Multilateral Well: Definition, TAML Complexity, and Production Benefits

What Is a Multilateral Well?

A multilateral well is a well configuration in which multiple lateral wellbore branches radiate from a single main wellbore, all tied back to the same wellhead and surface production facility. Each lateral penetrates a different part of the reservoir — different sand layers, fault blocks, or geographic areas — allowing a single surface wellhead to drain a much larger reservoir volume than a single-leg wellbore. Multilateral wells are constructed by drilling the main bore to total depth, then using a milling or whipstock tool at a junction to exit the casing and drill the lateral branches. The critical design variable is the junction complexity — the TAML (Technology Advancement for Multilaterals) classification system defines six levels from Level 1 (simple open-hole junction, no mechanical connection between lateral and main bore) to Level 6 (fully cased and cemented junction with pressure integrity at the junction and re-entry capability into any lateral). Multilateral wells offer significant economic advantages by multiplying reservoir contact per well from a single pad or platform, at a fraction of the cost of drilling separate wells to the same locations.

Key Takeaways

  • Multilateral wells access multiple reservoir intervals or areas from a single wellbore — reducing the number of surface locations and wellheads needed to develop a field while increasing drainage contact.
  • The TAML (Technology Advancement for Multilaterals) system classifies junction complexity from Level 1 (open hole, no casing at junction) to Level 6 (fully cased junction with hydraulic integrity and full re-entry access).
  • Economic drivers: multilaterals reduce well count, surface footprint, facility costs, and rig time versus equivalent single-leg wells — especially compelling in offshore, remote, or environmentally sensitive locations.
  • Completion challenge: selective zone control in a multilateral requires downhole flow control valves (ICVs) or isolation packers at each lateral entry to manage production from individual laterals independently.
  • Re-entry capability — the ability to return to any lateral for workover or stimulation — is only guaranteed in TAML Level 4+ junctions with full casing and mechanical connection at the junction.

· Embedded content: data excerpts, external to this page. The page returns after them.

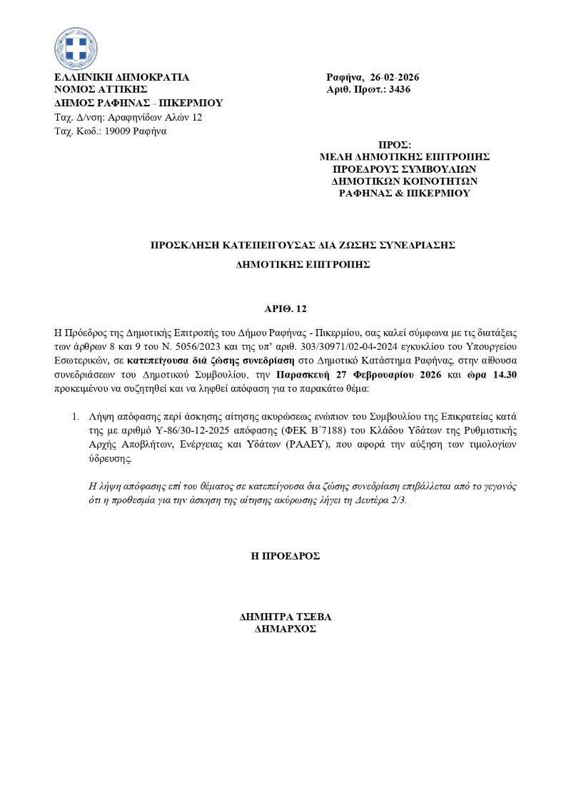 ΔΗΜΟΤΙΚΗ ΕΠΙΤΡΟΠΗ ΡΑΦΗΝΑ - ΠΙΚΕΡΜΙΤΟΠΙΚΑ ΝΕΑΤΟΠΙΚΗ ΚΟΙΝΩΝΙΑ Λιγότερο από 1 λεπταΑνάγνωση Η Δημοτική Επιτροπή Ραφήνας Πικερμίου συνεδριάζει κατεπειγόντως για την αύξηση των τιμολογίων ύδρευσης 26 Φεβρουαρίου, 2026 FacebookTwitterPinterestWhatsApp Η Δημοτική Επιτροπή Ραφήνας Πικερμίου συνεδριάζει κατεπειγόντως για την αύξηση των τιμολογίων ύδρευσης Αυτή την εβδομάδα ΔΙΑΦΟΡΑ Ανοίγει η Πλατφόρμα για το Α21 – Επίδομα Παιδιού – Δικαιούχοι/Υποβολή Αιτήσεων 26 Φεβρουαρίου, 2026 0 Το Υπουργείο Κοινωνικής Συνοχής και Οικογένειας, με τον εποπτευόμενο... ΕΚΔΗΛΩΣΕΙΣ Νηπιαγωγείο Γραμματικού: Μεγαλώνοντας μαζί – Όρια, εμπιστοσύνη και αυτονομία στα πρώτα σχολικά χρόνια 26 Φεβρουαρίου, 2026 0 Τα πρώτα σχολικά χρόνια είναι ένα μεγάλο βήμα, τόσο... ΠΑΛΛΗΝΗ Παλλήνη: Εκδήλωση Erasmus+ «Stop Forest Fire for 5 Green» του 1ου ΓΕΛ παρουσία του Δημάρχου Παλλήνης, Χρήστου Αηδόνη 26 Φεβρουαρίου, 2026 0 Με ιδιαίτερη επιτυχία πραγματοποιήθηκε την Τετάρτη 24 Φεβρουαρίου 2026... ΡΑΦΗΝΑ - ΠΙΚΕΡΜΙ Συνελήφθησαν στη Ραφήνα 2 άτομα για κατοχή και διακίνηση ναρκωτικών ουσιών (βίντεο) 26 Φεβρουαρίου, 2026 0 Από την Υποδιεύθυνση Δίωξης Ναρκωτικών της Διεύθυνσης Αντιμετώπισης Οργανωμένου... ΕΚΔΗΛΩΣΕΙΣ Ραφήνα: Στο πρώτο Hello Voices, οι μαθητές μας θα μιλήσουν για το σχολείο που ονειρεύονται 26 Φεβρουαρίου, 2026 0 Hello Voices #1 Education Today – The School I Dream... ΝΕΑ ΔΙΑΦΟΡΑ Ανοίγει η Πλατφόρμα για το Α21 – Επίδομα Παιδιού – Δικαιούχοι/Υποβολή Αιτήσεων 0 Το Υπουργείο Κοινωνικής Συνοχής και Οικογένειας, με τον εποπτευόμενο... ΕΚΔΗΛΩΣΕΙΣ Νηπιαγωγείο Γραμματικού: Μεγαλώνοντας μαζί – Όρια, εμπιστοσύνη και αυτονομία στα πρώτα σχολικά χρόνια 0 Τα πρώτα σχολικά χρόνια είναι ένα μεγάλο βήμα, τόσο... ΠΑΛΛΗΝΗ Παλλήνη: Εκδήλωση Erasmus+ «Stop Forest Fire for 5 Green» του 1ου ΓΕΛ παρουσία του Δημάρχου Παλλήνης, Χρήστου Αηδόνη 0 Με ιδιαίτερη επιτυχία πραγματοποιήθηκε την Τετάρτη 24 Φεβρουαρίου 2026... ΡΑΦΗΝΑ - ΠΙΚΕΡΜΙ Συνελήφθησαν στη Ραφήνα 2 άτομα για κατοχή και διακίνηση ναρκωτικών ουσιών (βίντεο) 0 Από την Υποδιεύθυνση Δίωξης Ναρκωτικών της Διεύθυνσης Αντιμετώπισης Οργανωμένου... ΕΚΔΗΛΩΣΕΙΣ Ραφήνα: Στο πρώτο Hello Voices, οι μαθητές μας θα μιλήσουν για το σχολείο που ονειρεύονται 0 Hello Voices #1 Education Today – The School I Dream... ΜΑΡΑΘΩΝΑΣ - ΝΕΑ ΜΑΚΡΗ Σήμερα, 26/2 η Ειδική Τακτική Συνεδρίαση του Δημοτικού Συμβουλίου Δήμου Μαραθώνος 0 Σε ζωντανή μετάδοση η 4η και 5η Ειδική Τακτική... ΕΙΔΗΣΕΙΣ Χάος στη Φλώρινα: Ρομά έστειλαν στο νοσοκομείο ανθυπαστυνόμο μετά από άγρια καταδίωξη 0 Σοβαρό επεισόδιο σημειώθηκε στη Φλώρινα το βράδυ της Τετάρτης... ΚΑΙΡΟΣ Τι ώρα θα αρχίσει να βρέχει σήμερα στην Αττική 0 Αλλαγή σκηνικού φέρνει ο καιρός σήμερα, με αυξημένες νεφώσεις... RPN.GR Νηπιαγωγείο Γραμματικού: Μεγαλώνοντας μαζί – Όρια, εμπιστοσύνη και αυτονομία στα πρώτα σχολικά χρόνια ΕΚΔΗΛΩΣΕΙΣ 26 Φεβρουαρίου, 2026 Συνελήφθησαν στη Ραφήνα 2 άτομα για κατοχή και διακίνηση ναρκωτικών ουσιών (βίντεο) ΡΑΦΗΝΑ - ΠΙΚΕΡΜΙ 26 Φεβρουαρίου, 2026 Ραφήνα: Στο πρώτο Hello Voices, οι μαθητές μας θα μιλήσουν για το σχολείο που ονειρεύονται ΕΚΔΗΛΩΣΕΙΣ 26 Φεβρουαρίου, 2026 Σήμερα, 26/2 η Ειδική Τακτική Συνεδρίαση του Δημοτικού Συμβουλίου Δήμου Μαραθώνος ΜΑΡΑΘΩΝΑΣ - ΝΕΑ ΜΑΚΡΗ 26 Φεβρουαρίου, 2026 Γραμματικό: Εκδήλωση για την Παγκόσμια Ημέρα της Γυναίκας ΕΚΔΗΛΩΣΕΙΣ 26 Φεβρουαρίου, 2026 ΕΙΔΗΣΕΙΣΡΑΦΗΝΑ - ΠΙΚΕΡΜΙΑΘΛΗΤΙΚΑΜΑΡΑΘΩΝΑΣ - ΝΕΑ ΜΑΚΡΗΕΚΔΗΛΩΣΕΙΣΤΟΠΙΚΗ ΚΟΙΝΩΝΙΑΔΙΑΦΟΡΑ Προηγούμενο άρθροΠαλλήνη: Εκδήλωση Erasmus+ «Stop Forest Fire for 5 Green» του 1ου ΓΕΛ παρουσία του Δημάρχου 
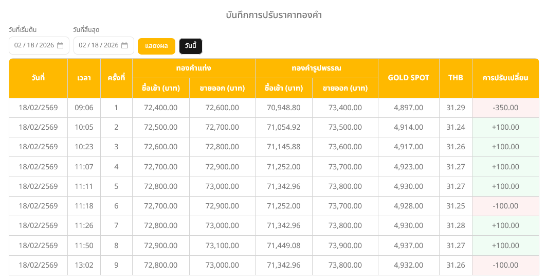 อ่านข่าวต้นฉบับ: ราคาทองวันนี้ (18 ก.พ. 69) ปรับขึ้น 50 บาท รูปพรรณบาทละ 73,800 บาท
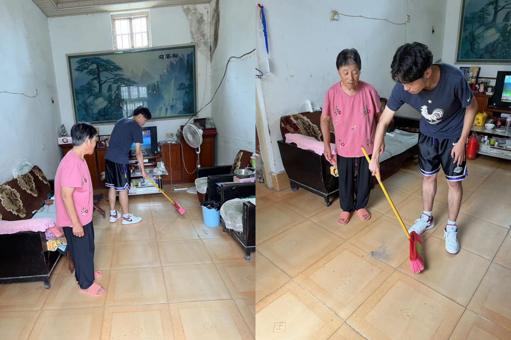 8月11日,团队成员孔绎森前往郯城县高峰村拜访老党员梁玉芝奶奶,与梁奶奶亲切交谈,并帮忙收拾家中卫生,梁奶奶年轻时吃苦耐劳,工作突出,担任村生产队队长,她说,“有一年冬天,邻居家没有粮食吃,没有种子种,我和丈夫就把自己过冬的粮食分给了他们,还给他们很多粮食种子......这在她看来都是很稀松平常的事情。”梁奶奶回忆,在他们那个年代,生活条件差,人民生活艰难,她积极加入中国共产党,加入为人民服务的队伍中,埋头苦干,努力做好为群众服务的工作。她鼓励当代青年,要有吃苦耐劳的精神,把艰难困苦作为磨炼自己的机遇,只有不断磨砺和强大自我,才能为祖国发展做出贡献。
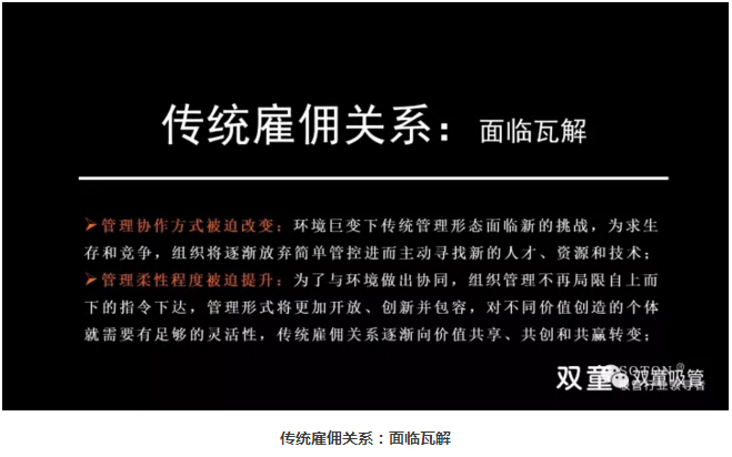 傳統管理模式,終結時(shí)代來(lái)臨:在新時(shí)代背景下,管理進(jìn)入了信息管理時(shí)代,傳統雇傭關(guān)系面臨瓦解,管理協(xié)作方式逐漸改變,員工與組織的雇傭關(guān)系逐漸變成了共生關(guān)系。管理形式也將更加開(kāi)放、創(chuàng )新并包容,對不同價(jià)值創(chuàng )造的個(gè)體就需要有足夠的靈活性,傳統雇傭關(guān)系逐漸向價(jià)值共享、共創(chuàng )和共贏(yíng)轉變!
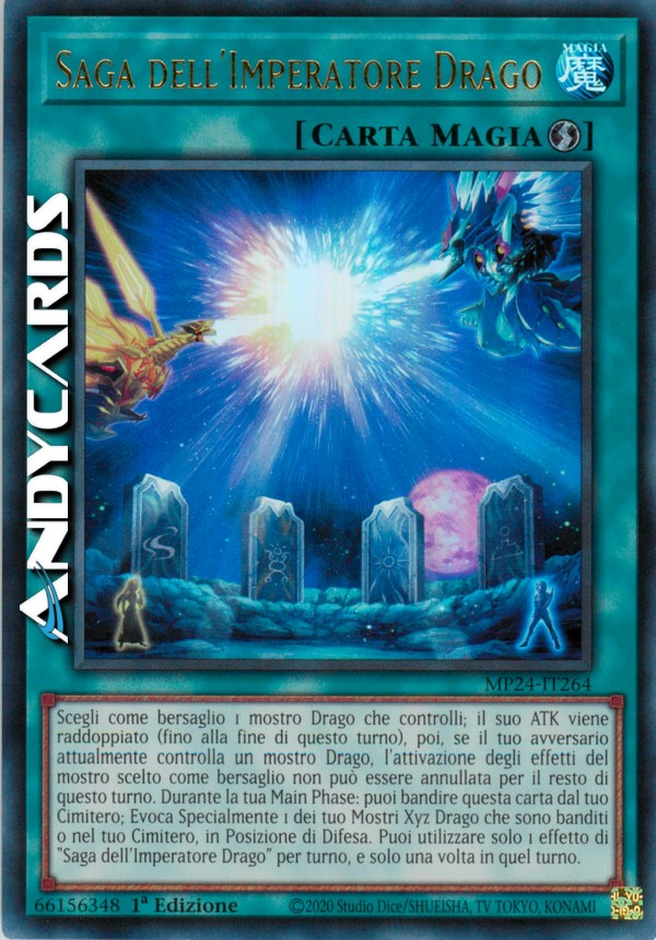 Scegli come bersaglio 1 mostro Drago che controlli; il suo ATK viene raddoppiato (fino alla fine di questo turno), poi, se il tuo avversario attualmente controlla un mostro Drago, l'attivazione degli effetti del mostro scelto come bersaglio non può essere annullata per il resto di questo turno. Durante la tua Main Phase: puoi bandire questa carta dal tuo Cimitero; Evoca Specialmente 1 dei tuo Mostri Xyz Drago che sono banditi o nel tuo Cimitero, in Posizione di Difesa. Puoi utilizzare solo 1 effetto di "Saga dell'Imperatore Drago" per turno, e solo una volta in quel turno.

TAML Classification and Junction Design

The TAML classification was developed by a joint industry project to standardise multilateral technology. Level 1 is the simplest configuration — an open-hole lateral drilled from an open-hole main bore, with no casing across the junction. The junction is unsupported; production from both laterals flows commingled through the main bore. Level 1 is used in competent carbonates or tight formations where wellbore stability makes the open junction acceptable. Level 2 has a cased main bore but the lateral is drilled through an open-hole window — the lateral itself is uncased. Level 3 adds a liner in the lateral but the junction between lateral liner and main bore casing is mechanical only (no cement). Levels 2 and 3 are common in carbonate reservoirs where the rock provides its own wellbore support.

Level 4 provides a full mechanical and hydraulic junction — the lateral casing and main bore casing are mechanically joined with a pressure-rated connection that can withstand annular pressure testing. Level 4 allows selective production testing of individual laterals and is the minimum standard for intelligent multilateral completions with downhole flow control valves. Level 5 adds full cement placement at the junction, providing zonal isolation between laterals. Level 6 is the most complex — a fully cased and cemented junction with full pressure integrity equal to the main bore casing, and full re-entry access to any lateral using standard intervention tools. Level 6 multilaterals are used in deepwater developments (Statoil's Åsgard field in Norway, Saudi Arambo's Maximum Reservoir Contact wells in Saudi Arabia) where the cost of re-entry intervention from surface is prohibitive and long-term production control requires individual lateral integrity.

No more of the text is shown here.